Question 4: When are you going?
Answer 4: I'm flying out of Washington, DC, on January 11 and coming back on April 11. Three months on the dot (disregarding the fact that I'll actually land in China on the 12th).

Question 5: Where in China are you going?
Answer 5: I'm planning to visit every province in China at least once for a total of 50 - 60 cities. A common follow-up question to this one is whether I have a specific route planned out. The answer to that is no--I have a general plan to start in Shanghai and move west through the south of the country and then go north from Lhasa and move back east through Northern China. This route is mainly designed for reasons of climate (the longer I put off going to Harbin, the warmer it will be...).
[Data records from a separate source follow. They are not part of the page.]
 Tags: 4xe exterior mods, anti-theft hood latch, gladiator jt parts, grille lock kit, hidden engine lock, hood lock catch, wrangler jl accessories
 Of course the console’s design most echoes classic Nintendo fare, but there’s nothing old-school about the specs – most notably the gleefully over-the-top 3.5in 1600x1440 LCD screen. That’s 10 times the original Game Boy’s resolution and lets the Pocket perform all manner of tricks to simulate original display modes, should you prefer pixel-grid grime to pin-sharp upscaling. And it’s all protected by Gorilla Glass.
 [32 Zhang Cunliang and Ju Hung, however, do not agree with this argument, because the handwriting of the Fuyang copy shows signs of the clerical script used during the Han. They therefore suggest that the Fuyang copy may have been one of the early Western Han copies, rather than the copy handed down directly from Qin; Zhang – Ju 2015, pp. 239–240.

Question 6: Do you have a publisher?
Answer 6: No. I am currently planning to self-publish (hard copy and digital) and don't intend to actively seek out a publisher. That being said, if the option came up to work with a publishing company, it would receive my full consideration.
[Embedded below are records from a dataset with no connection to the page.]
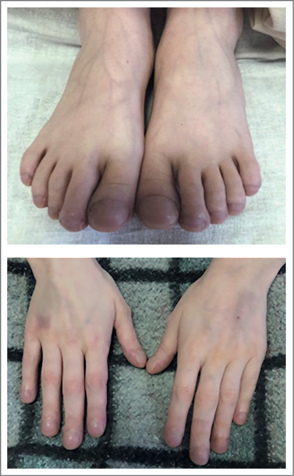 Общее состояние тяжелое. Инфантильность. Внешне выглядит моложе своих лет, лицо одутловатое. Сознание ясное, во времени, пространстве и личности ориентирована. Положение тела вынужденное, ортопноэ: сидя с приподнятым изголовьем из-за одышки. Дефицит массы тела. Индекс массы тела 16,22 кг/м2 (рост 136 см, вес 30 кг). Кожные покровы и видимые слизистые оболочки бледно-цианотичного цвета, обычной влажности, чистые. Отеков нет. Периферические лимфатические узлы не пальпируются. Ногтевые фаланги в виде барабанных палочек, ногтевые пластины по типу часовых стекол (рис. 1). Температура тела от 37,8 до 39°С.
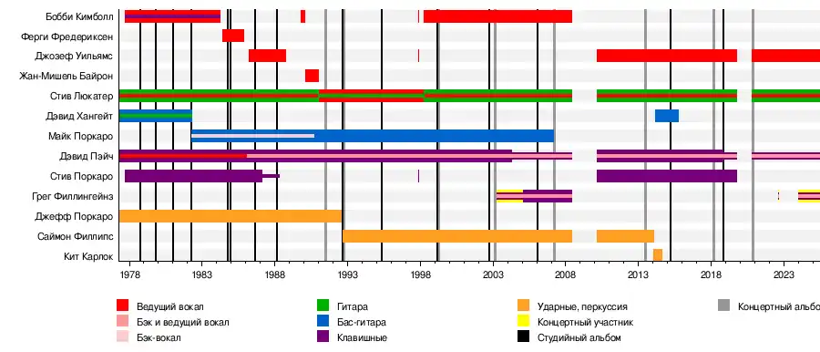 Стив Поркаро Дэвид Хангейт Бобби Кимболл Джефф Поркаро Майк Поркаро Дэннис Фредериксен Жан-Мишель Байрон Саймон Филлипс Грег Филлингейнз Кит Карлок |
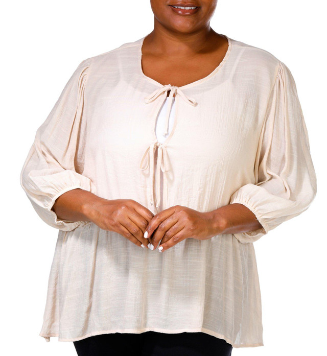 This blouse features a round neckline with a center string tie and softly puffed quarter sleeves with cinched ends. The waistline opens into a gentle flare, creating a flowy peplum-style silhouette that adds movement and a flattering shape.
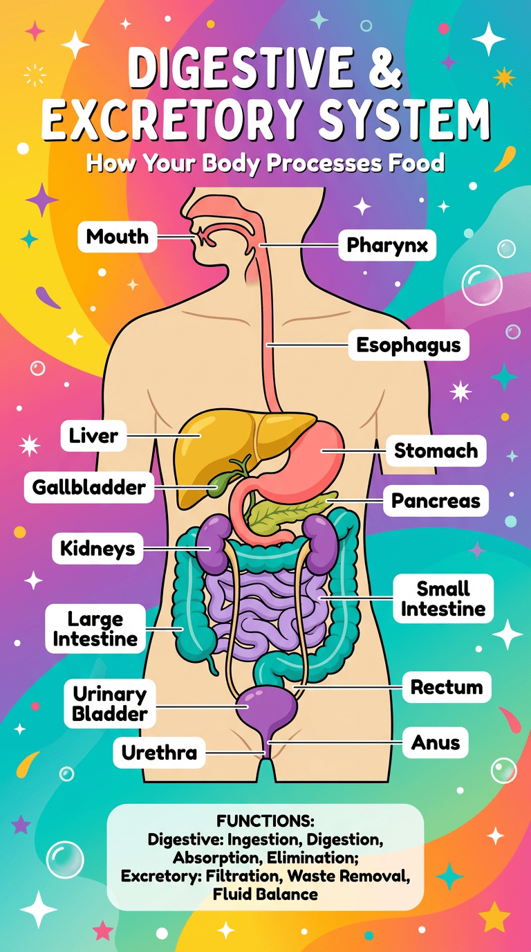 This Digestive & Excretory System showcases colorful, easy-to-understand anatomy diagrams and worksheets for middle school students. The printable PDF helps learners explore how food is processed, nutrients are absorbed, and waste is removed from the body. Great for science centers, homework, assessments, or homeschool lessons, this resource supports both visual and hands-on learning.

Question 7: Aren't you worried about your stomach?
Answer 7: Nope! I have a mighty strong stomach that can handle most anything I throw at it with ease. That being said, I expect to get sick at least once while in China. As I wrote in this post earlier this year, that's just part of playing the game. Such is life.

Question 8: Is there anything you won't eat?
Answer 8: I'll eat anything so long as it isn't endangered or a primate. Anything else is fair game. Sometimes this question is a polite way of asking if I plan to eat dog. With apologies to any dog lovers in the audience, the answer is yes: if dog is available as a street food, I will eat it.

Question 9: How can I help?
Answer 9: Thanks for asking! In general, I am just happy to have your encouragement, whether spoken or unspoken. If you want to pitch in more tangibly, I encourage you to follow the blog (click that link on the right sidebar) and comment regularly. Once I have my Twitter and Facebook pages established, you can follow me there as well (in the meantime, you can find my personal page on Facebook). If you are really moved to help out, you are also welcome to make a donation with the PayPal button over there on the right. As I noted in answer 3 above, I am paying for this trip myself and am not counting on receiving any donations. Several people asked, though, so I set up the donation button. If you are so compelled, I thank you most graciously. I will make an effort to repay your kind generosity in some way, whether it be a postcard from China, a free copy of my book once it's done, or some sort of mystery prize.

Question 10: I was told there would be pie. Is there pie?
Answer 10: No, I'm sorry to say you were misinformed...there is no pie available on this website.